With pictures omitted, copy exactly every line from the one that contains "Este sinalizador luminoso" to the end of the listing below.

- Material provided:
━━━━

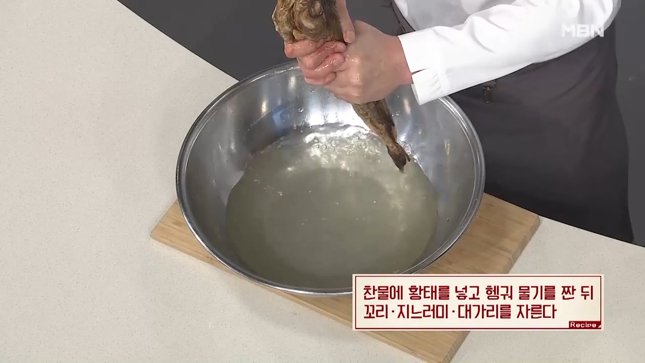 ▶황태를 물에 헹구면 부스러기가 제거되고 잡내도 제거됩니다.
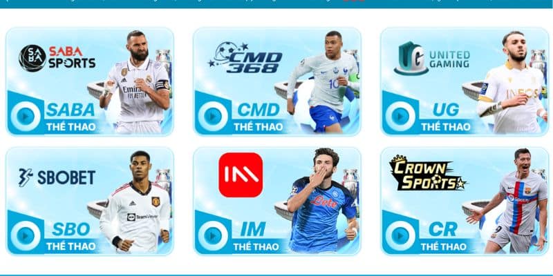 Không chỉ có một mà nơi đây còn sở hữu tới 6 dịch vụ cá cược thể thao bao gồm SABA, CMD, UG, CR, IM và SBO. Do đó, quý khách hàng có thể lựa chọn địa điểm phù hợp nhất với thế mạnh của bản thân.
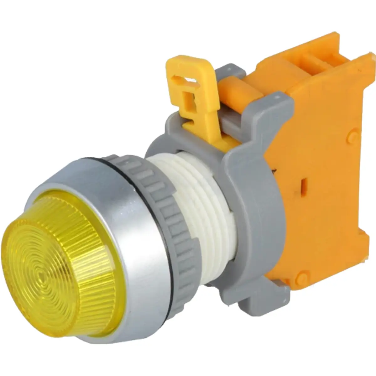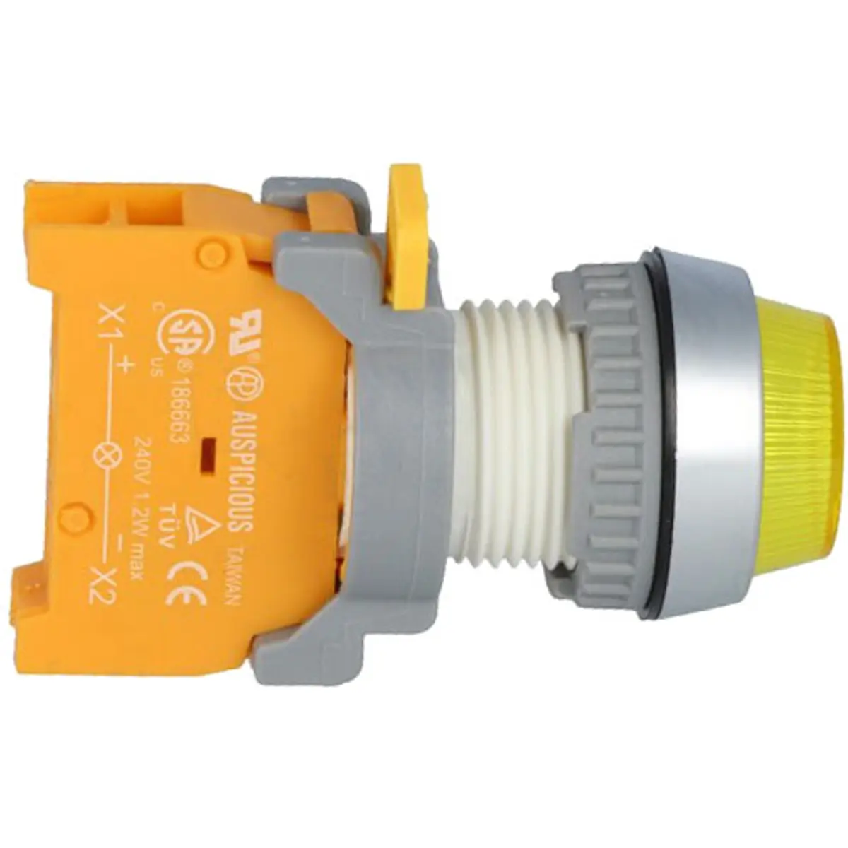Este sinalizador luminoso Ø22mm é uma luz de indicação para painéis, compatível com lâmpadas BA9S de até 1,2 W a 240 V. Possui difusor amarelo, montagem em furo Ø22,5 mm e classe de proteção IP65, adequado para uso em condições de -20°C a 60°C. Não acompanha a lâmpada; utiliza a série PLN22 e pode ser usado com várias lâmpadas BA9S disponíveis no mercado. Ideal para painéis de instrumentos, avisos visuais e sinalização de estado em ambientes internos protegidos.
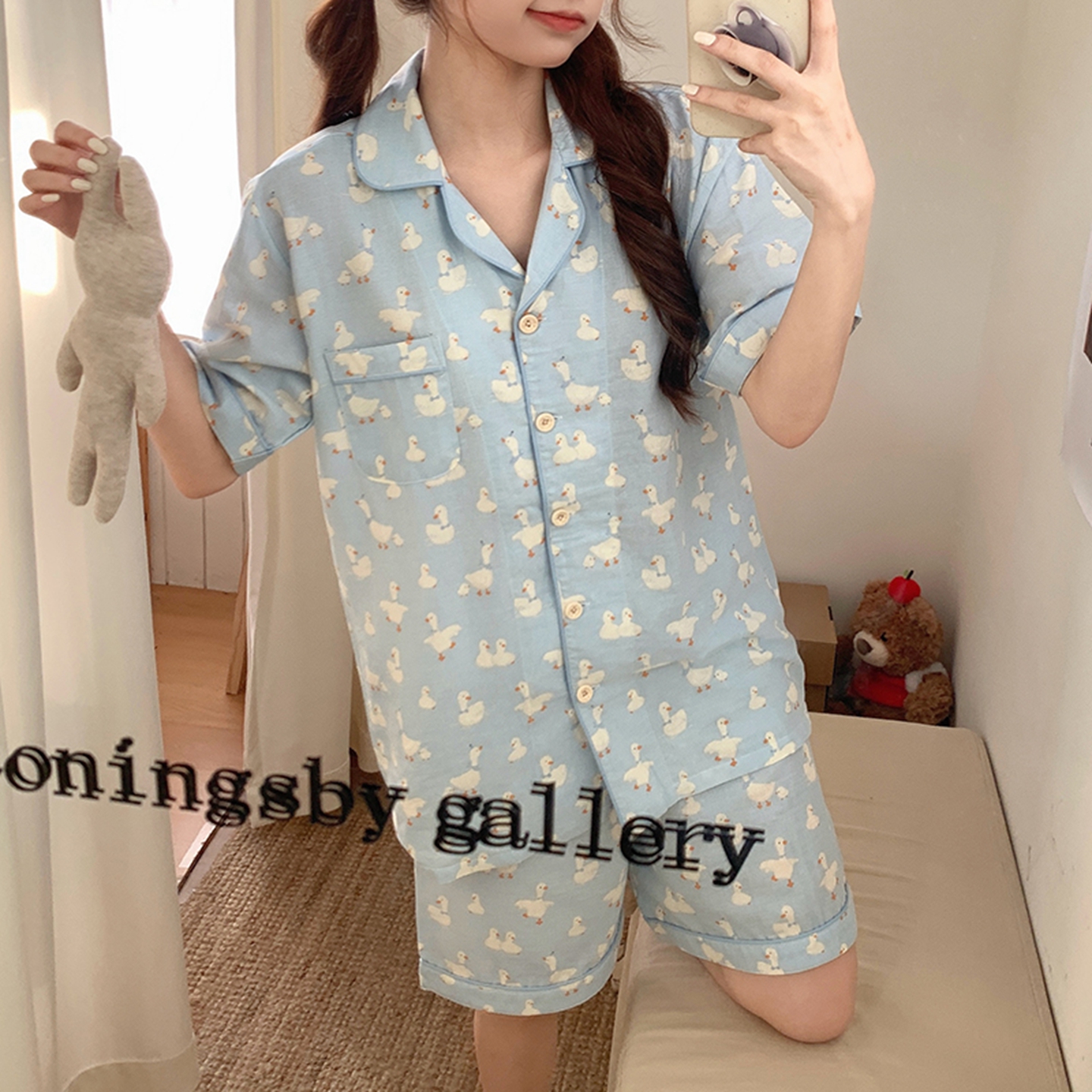(总)爱思佳 2026新款全棉纯棉双层纱短袖睡衣系列,伴夏,草莓点点,嘟嘟熊,咖色小狗,蓝色大鹅,萌星,条纹蓝,西高地,消消乐,熊熊乐园,紫小兔

━━━━

- Answer for the task:
Este sinalizador luminoso Ø22mm é uma luz de indicação para painéis, compatível com lâmpadas BA9S de até 1,2 W a 240 V. Possui difusor amarelo, montagem em furo Ø22,5 mm e classe de proteção IP65, adequado para uso em condições de -20°C a 60°C. Não acompanha a lâmpada; utiliza a série PLN22 e pode ser usado com várias lâmpadas BA9S disponíveis no mercado. Ideal para painéis de instrumentos, avisos visuais e sinalização de estado em ambientes internos protegidos.
(总)爱思佳 2026新款全棉纯棉双层纱短袖睡衣系列,伴夏,草莓点点,嘟嘟熊,咖色小狗,蓝色大鹅,萌星,条纹蓝,西高地,消消乐,熊熊乐园,紫小兔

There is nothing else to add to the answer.